▶ [REQUIRED ACTION] Nothing but the text should be carried over: reproduce all the data exactly and leave out every image.

▶ [DATA BELOW]
┌────────
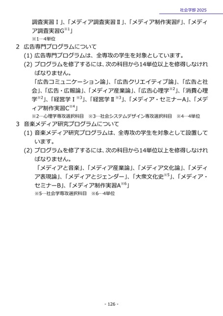 社会学部2025調査実習Ⅰ」、「メディア調査実習Ⅱ」、「メディア制作実習F」、「メディア調査実習G※1」※1…4単位2広告専門プログラムについて(1)広告専門プログラムは、全専攻の学生を対象としています。(2)プログラムを修了するには、次の科目から14単位以上を修得しなければなりません。「広告コミュニケーション論」、「広告クリエイティブ論」、「広告と社会」、「広告・広報論」、「メディア産業論」、「広告心理学※2」、「消費心理学※2」、「経営学Ⅰ※3」、「経営学Ⅱ※3」、「メディア・セミナーA」、「メディア制作実習C※4」※2…心理学専攻選択科目※3…社会システムデザイン専攻選択科目※4…4単位3音楽メディア研究プログラムについて(1)音楽メディア研究プログラムは、全専攻の学生を対象として設置しています。(2)プログラムを修了するには、次の科目から14単位以上を修得しなければなりません。「メディアと音楽」、「メディア産業論」、「メディア文化論」、「メディア表現論」、「メディアとジェンダー」、「大衆文化史※5」、「メディア・セミナーB」、「メディア制作実習A※6」※5…社会学専攻選択科目※6…4単位-126-
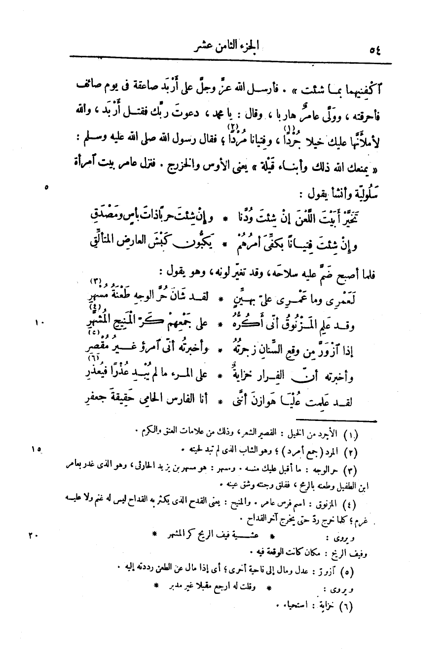 «يمنعك الله ذلك وأبناء قيلة» يعنى الأوس والخزرج. فنزل عامر بيت امرأة سلوليّة وأنشأ يقول:
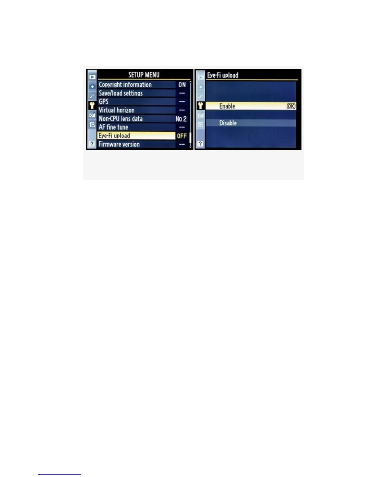 Figure 5-45. Eye-Fi Enable or Disable screens
└────────
▶ [REPLY]
 社会学部2025調査実習Ⅰ」、「メディア調査実習Ⅱ」、「メディア制作実習F」、「メディア調査実習G※1」※1…4単位2広告専門プログラムについて(1)広告専門プログラムは、全専攻の学生を対象としています。(2)プログラムを修了するには、次の科目から14単位以上を修得しなければなりません。「広告コミュニケーション論」、「広告クリエイティブ論」、「広告と社会」、「広告・広報論」、「メディア産業論」、「広告心理学※2」、「消費心理学※2」、「経営学Ⅰ※3」、「経営学Ⅱ※3」、「メディア・セミナーA」、「メディア制作実習C※4」※2…心理学専攻選択科目※3…社会システムデザイン専攻選択科目※4…4単位3音楽メディア研究プログラムについて(1)音楽メディア研究プログラムは、全専攻の学生を対象として設置しています。(2)プログラムを修了するには、次の科目から14単位以上を修得しなければなりません。「メディアと音楽」、「メディア産業論」、「メディア文化論」、「メディア表現論」、「メディアとジェンダー」、「大衆文化史※5」、「メディア・セミナーB」、「メディア制作実習A※6」※5…社会学専攻選択科目※6…4単位-126-
 «يمنعك الله ذلك وأبناء قيلة» يعنى الأوس والخزرج. فنزل عامر بيت امرأة سلوليّة وأنشأ يقول:
 Figure 5-45. Eye-Fi Enable or Disable screens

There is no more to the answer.